= Emily B. Fox =

American data scientist and statistician

Emily Beth Fox is an American data scientist and statistician, a professor of statistics at Stanford University, and an executive for drug discovery firm insitro. Her research applies Bayesian modeling of time series, Hierarchical Dirichlet processes, and Monte Carlo methods to problems in health and neuroscience.

==Education and career==
Fox majored in electrical engineering at the Massachusetts Institute of Technology (MIT), graduating in 2004. She continued at MIT for a master's degree in 2005 and a Ph.D. in 2009, with the dissertation Bayesian Nonparametric Learning of Complex Dynamical Phenomena jointly supervised by Alan S. Willsky and John W. Fisher III.

After postdoctoral research at Duke University, she became an assistant professor of statistics in the Wharton School of the University of Pennsylvania in 2011. She moved to the University of Washington in 2012 as Amazon Machine Learning Assistant Professor in Statistics. She was promoted to associate professor and full professor in 2016 and 2020 respectively. From 2018 to 2021 she was also a distinguished engineer and lead of Health AI at Apple Inc. In 2021 she moved to her present position as a professor of statistics at Stanford.

In 2024, drug discovery firm insitro announced that it had hired Fox to become senior vice president of AI/machine learning.

==Recognition==
Fox was a Sloan Fellow from 2015 to 2017, and was a 2017 recipient of a Presidential Early Career Award for Scientists and Engineers.
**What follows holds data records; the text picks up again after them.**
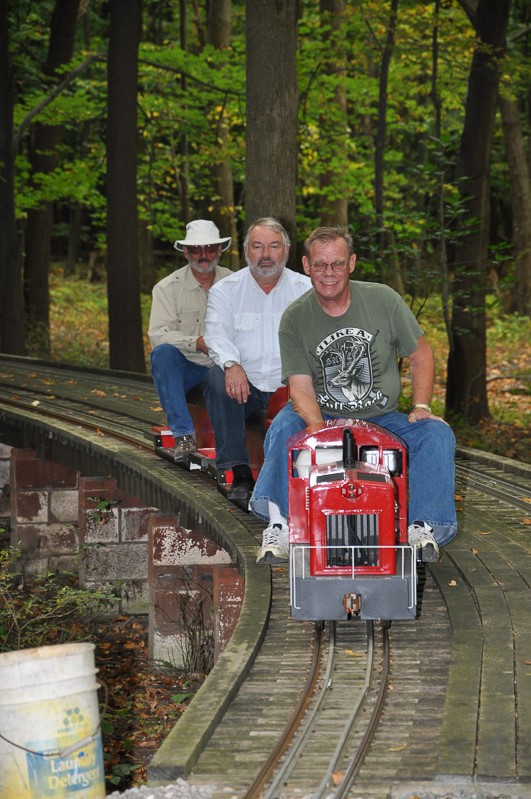 John Deptowicz gives a satisfied smile as he poses with six of the club's coffee mugs purchased at the reduced price that Kitty was selling them for. Later, Paul and his train giving rides to members and guests. Thanks to Robbi Haines for putting the meal together again this year. |
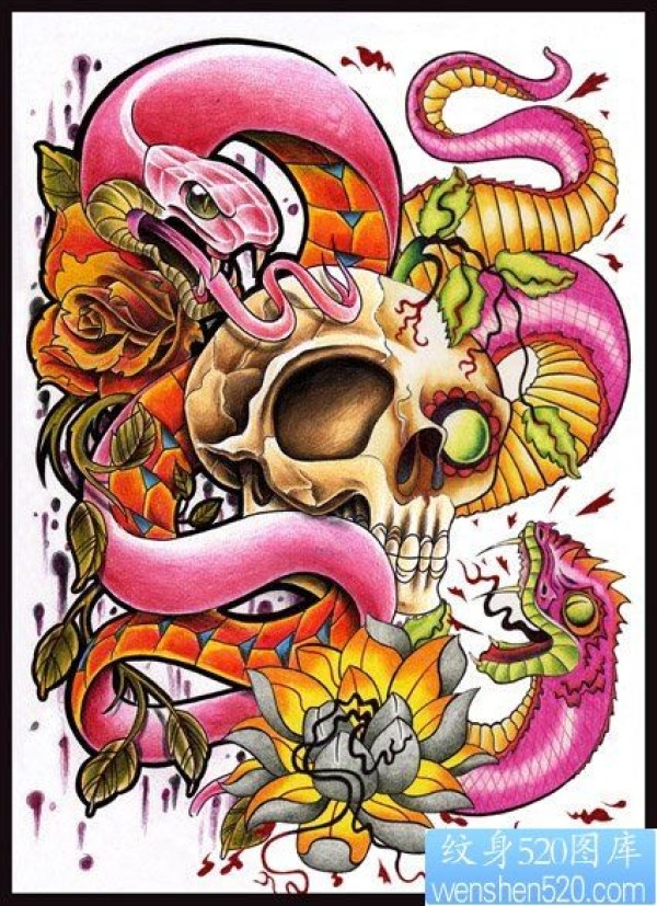 彩色骷髅蛇纹身图案_骷髅纹身图案大全_纹身图吧
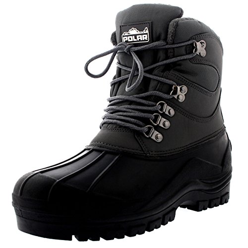 -. Binding : Apparel -. Brand : Polar -. Department : mens -. Feature : Short nylon snow boots, Overlay Design / Rustproof speed-lacing system / Thick durable rubber outsole with deep tread, suitable for all terrain / Fully fur lined interior, Padded Cuff & Tongue / Available in a palette of fashionable shades -. ProductGroup : Shoes -. ProductTypeName : SHOES -. Title : Polar Mens Short Nylon Mesh With Overlay Duck Waterproof Sole Lace Up Winter Snow Boots
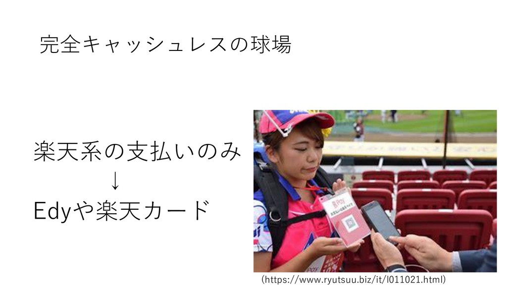 (https://www.ryutsuu.biz/it/l011021.html) 楽天系の支払いのみ Edyや楽天カード 完全キャッシュレスの球場 ↓
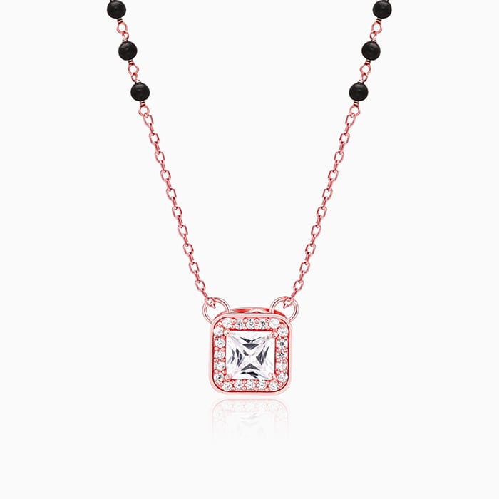 The rose gold mangalsutra features a square charm studded with a big zircon and a classic mangalsutra chain with black beads.
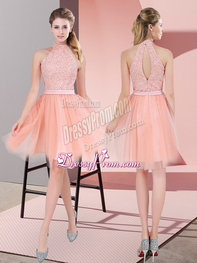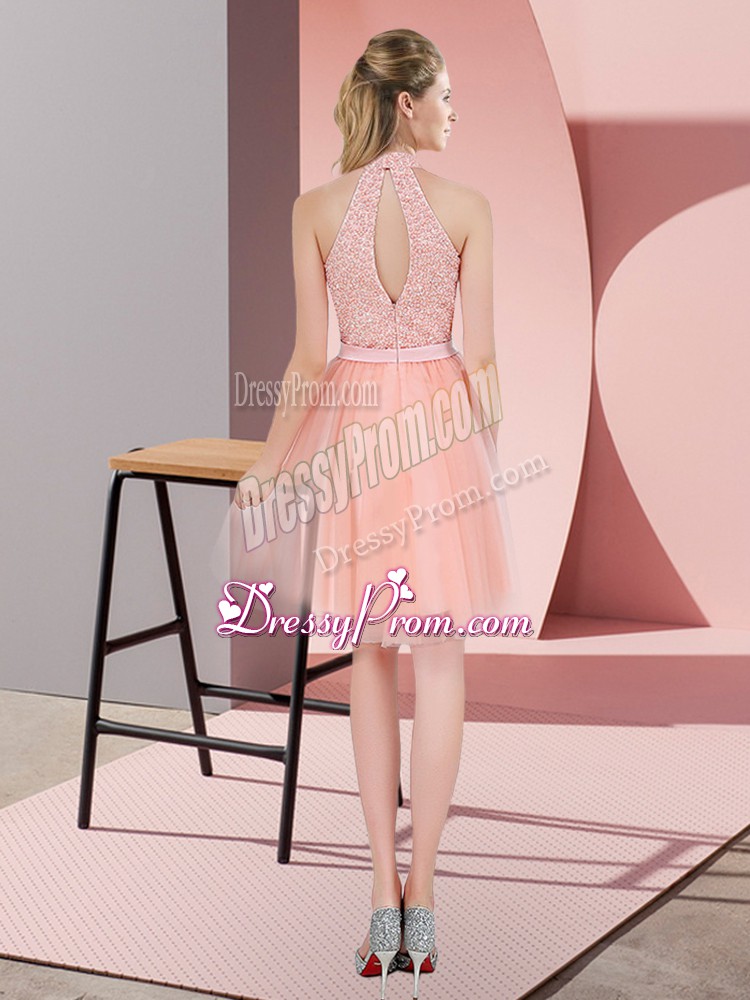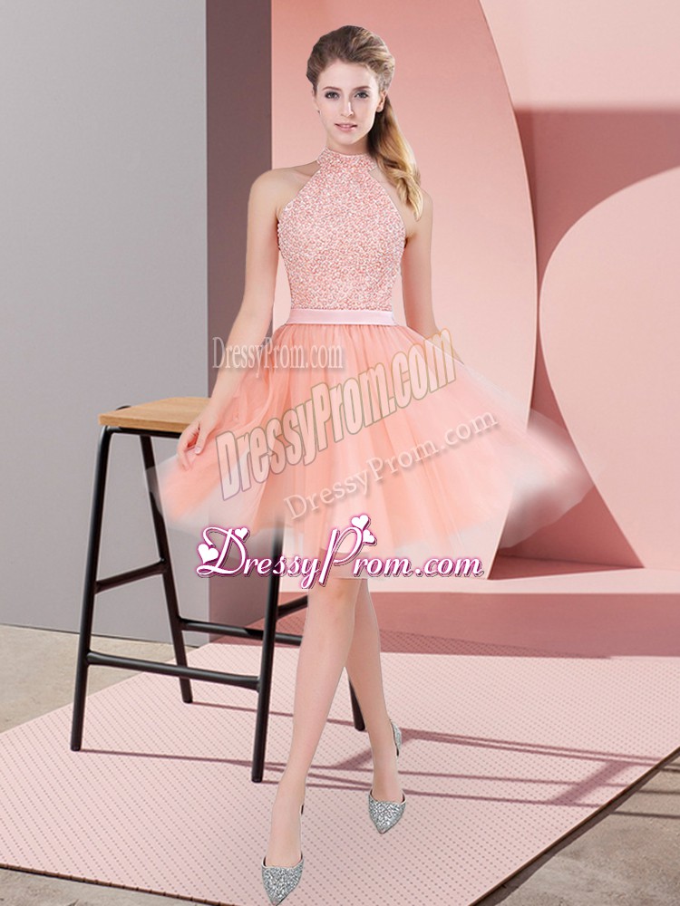 Neckline : High-neckShown Color : PeachSilhouette : A-lineSleeve Length : sleevelessHemline : knee lengthBack Detail : ZipperFabric : TulleEmbellishment : BeadingOccasion : Prom,PartySeason : Spring,Summer,Fall

In 2024 she was named as a Fellow of the Institute of Mathematical Statistics, "for broad-ranging and highly impactful seminal work on large-scale Bayesian dynamic modeling, sparse network models, and related development of efficient computational algorithms for Bayesian inference, and for applications in health and the study of biomedicine. algorithms for Bayesian inference".